• _Dataset extract_
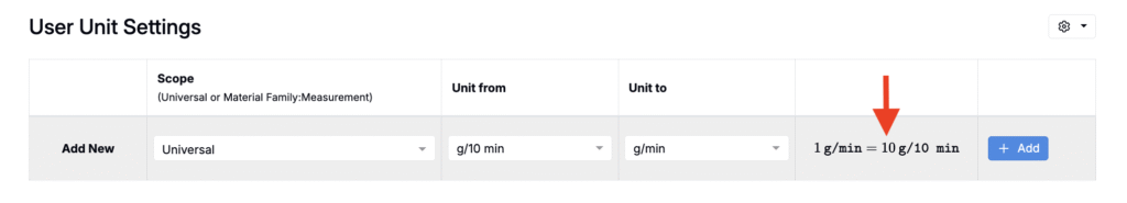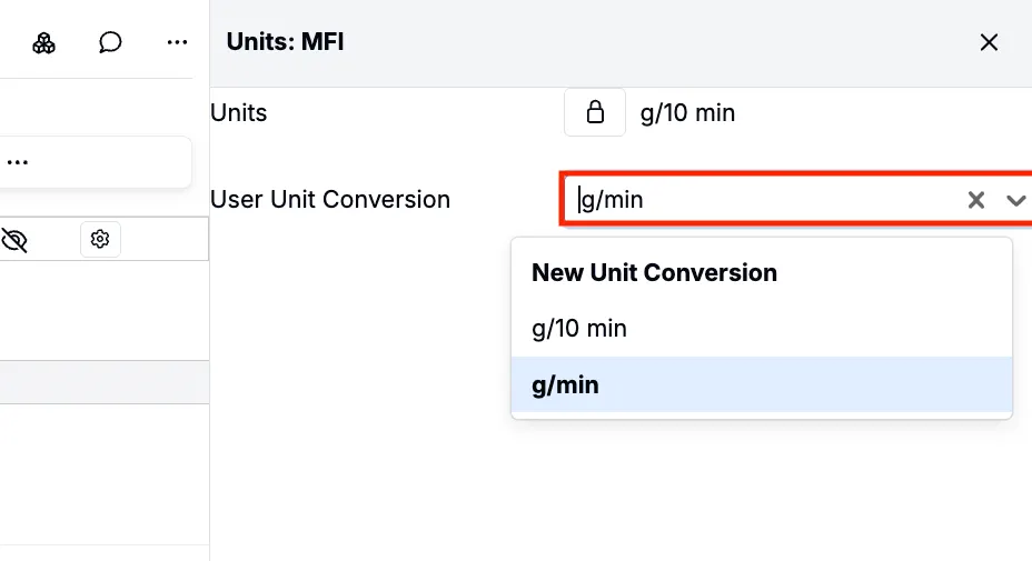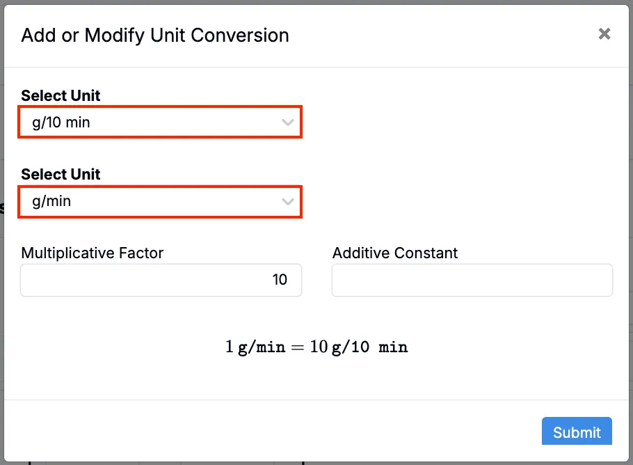 - Selecting a Unit from (e.g. g/10 min).
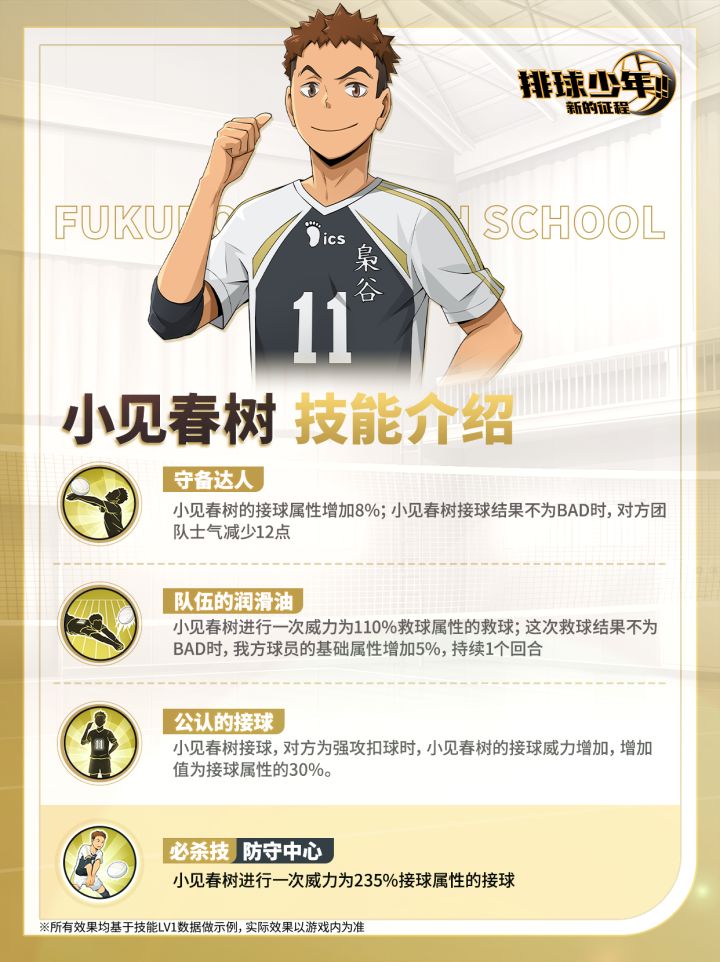 小见春树接球属性增加;小见春树接球结果不为BAD时,对方团队士气减少。
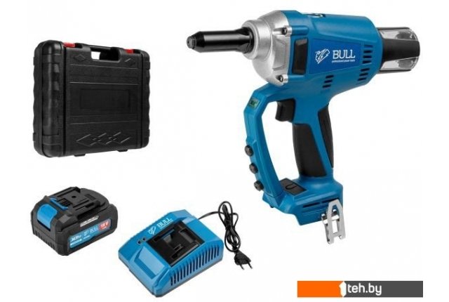| Информация | Данный аккумуляторный заклёпочный пистолет предназначен для установки алюминиевых, стальных (в т.ч. нерж.) и медных вытяжных заклепок диаметром 2.4-4.8 мм. Высокая производительность и энергоэффективность модели обеспечивается за счет наличия бесщеточного двигателя. Прорезиненная рукоятка, а также малый вес добавят дополнительного комфорта при работе. Данная модель обладает подсветкой рабочей зоны (кнопка включения расположена на корпусе изделия). При работе отработанные хвостовики заклепок проваливаются внутрь специального контейнера-ключа, расположенного на оборотной стороне инструмента. Также данный контейнер выступает в качестве специального ключа, при помощи которого можно менять сменные насадки (2.4, 3.2, 4.0, 4.8 мм), три из которых фиксируются на рукоятке изделия. Для достижения комфорта в переноске и хранения изделия в модели присутствуют специальная скоба для подвешивания, а также съемный крюк (может устанавливаться с двух сторон). В данной комплектации присутсвует аккумулятор и зу.Тех. хар-ки: Напряжение аккумулятора: 18 В; Тип аккумулятора: li-ion; Тип двигателя: бесщеточный; Тип заклепок: вытяжные; Ход штока (рабочий ход): 25 мм; Размеры заклепок: 2.4, 3.2, 4.0, 4.8; Усилие: 10000 Н; Масса: 1,8 кг; Подсветка рабочей зоны;Комплект поставки: Заклепочный пистолет; Инструкция; 4 переходника под заклепки диаметра 2.4 мм, 3.2 мм, 4.0 мм, 4.8 мм; Съемный крюк; Аккумулятор BULL AK 4004 18.0 В, 4.0 А*ч, Li-Ion - 1 шт.; Зарядное устройство BULL LD 4004 - 1 шт.; |

• _To do_
Make an exact copy of the listing above, omitting the pictures.

• _Finished exercise_
 - Selecting a Unit from (e.g. g/10 min).
 小见春树接球属性增加;小见春树接球结果不为BAD时,对方团队士气减少。
| Информация | Данный аккумуляторный заклёпочный пистолет предназначен для установки алюминиевых, стальных (в т.ч. нерж.) и медных вытяжных заклепок диаметром 2.4-4.8 мм. Высокая производительность и энергоэффективность модели обеспечивается за счет наличия бесщеточного двигателя. Прорезиненная рукоятка, а также малый вес добавят дополнительного комфорта при работе. Данная модель обладает подсветкой рабочей зоны (кнопка включения расположена на корпусе изделия). При работе отработанные хвостовики заклепок проваливаются внутрь специального контейнера-ключа, расположенного на оборотной стороне инструмента. Также данный контейнер выступает в качестве специального ключа, при помощи которого можно менять сменные насадки (2.4, 3.2, 4.0, 4.8 мм), три из которых фиксируются на рукоятке изделия. Для достижения комфорта в переноске и хранения изделия в модели присутствуют специальная скоба для подвешивания, а также съемный крюк (может устанавливаться с двух сторон). В данной комплектации присутсвует аккумулятор и зу.Тех. хар-ки: Напряжение аккумулятора: 18 В; Тип аккумулятора: li-ion; Тип двигателя: бесщеточный; Тип заклепок: вытяжные; Ход штока (рабочий ход): 25 мм; Размеры заклепок: 2.4, 3.2, 4.0, 4.8; Усилие: 10000 Н; Масса: 1,8 кг; Подсветка рабочей зоны;Комплект поставки: Заклепочный пистолет; Инструкция; 4 переходника под заклепки диаметра 2.4 мм, 3.2 мм, 4.0 мм, 4.8 мм; Съемный крюк; Аккумулятор BULL AK 4004 18.0 В, 4.0 А*ч, Li-Ion - 1 шт.; Зарядное устройство BULL LD 4004 - 1 шт.; |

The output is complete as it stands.